How Reddit reacted, mostly NTA, but emotionally complex
The thread leaned heavily toward “NTA.” Commenters echoed the idea that giving once opens the door to endless guilt-tripping: “You give an inch they’ll take a mile. The guilt tripping will never stop. Don’t give in.” Others urged the OP to enjoy the life they chose: “Don’t feel shitty. Hold the line and enjoy your life.” A few responses suggested cheeky solutions, buy everyone condoms, while others acknowledged the humane impulse to help but saw it as futile in the long run.
Top reactions also focused on fairness and consequence. One commenter put it plainly: “You chose not to have children but you end up having 36!” Another commenter praised the attempt to direct help toward education rather than perpetuating dependency: the conditional offer to the youngest sister was called “smart” even if it ultimately failed.

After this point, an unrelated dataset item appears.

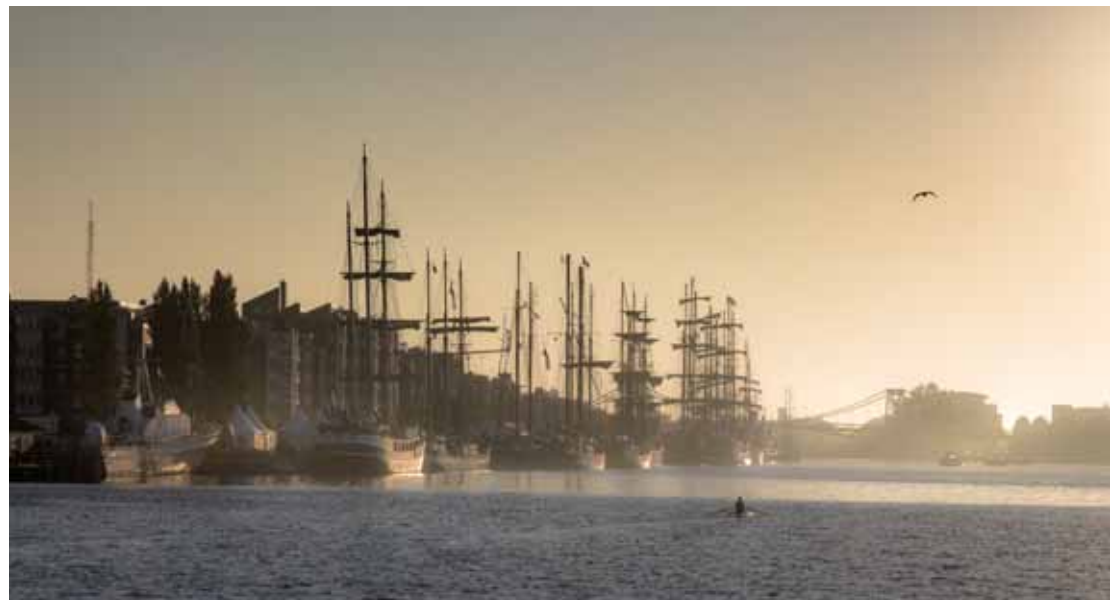
Historische Großsegler frühmorgens am Bontekai kurz vor dem Aufbruch zur Regatta

The emotional fallout, resentment, loyalty, and quiet grief
Behind the facts are human costs. The OP admits they feel “shitty” when they go on vacation and recognizes the sting in watching siblings struggle. But they also carry resentment for the childhood they endured and the repeated expectation that they should bail everyone out because they made a different life choice. That resentment translates into boundaries: hotel stays when visiting, explicit rules about gifted money, and selective help (parents’ outings and emergency cash only, with conditions).
That boundary is both protective and isolating. It preserves the life the OP fought to build, but it also keeps them at arm’s length from a family that expects reciprocity. The tension is real and relatable: how do you balance compassion for relatives with the imperative to protect your own hard-won security?
What To Take From This
This story lands because it’s about money, duty, and the invisible labor of choosing a different life. Practical takeaways: keep boundaries explicit and in writing when possible, especially if you provide conditional financial help; consider targeted investments that can’t be casually redirected (tuition payments made directly to a school, for example); and prioritize non-monetary support when appropriate, mentorship, helping someone find work, or connecting them to social services can break cycles more effectively than one-off gifts.
Emotionally, give yourself permission to grieve what you missed and to celebrate the life you chose. Guilt is natural, but so is protecting stability. If the pressure becomes unbearable, a mediated family conversation or a therapist can help you state limits in a way that reduces drama and preserves relationships. You don’t have to be everyone’s safety net, you can be the person who helps others get on their own feet, or you can decide not to be involved at all. Either choice is valid, as long as it’s made deliberately and defended consistently.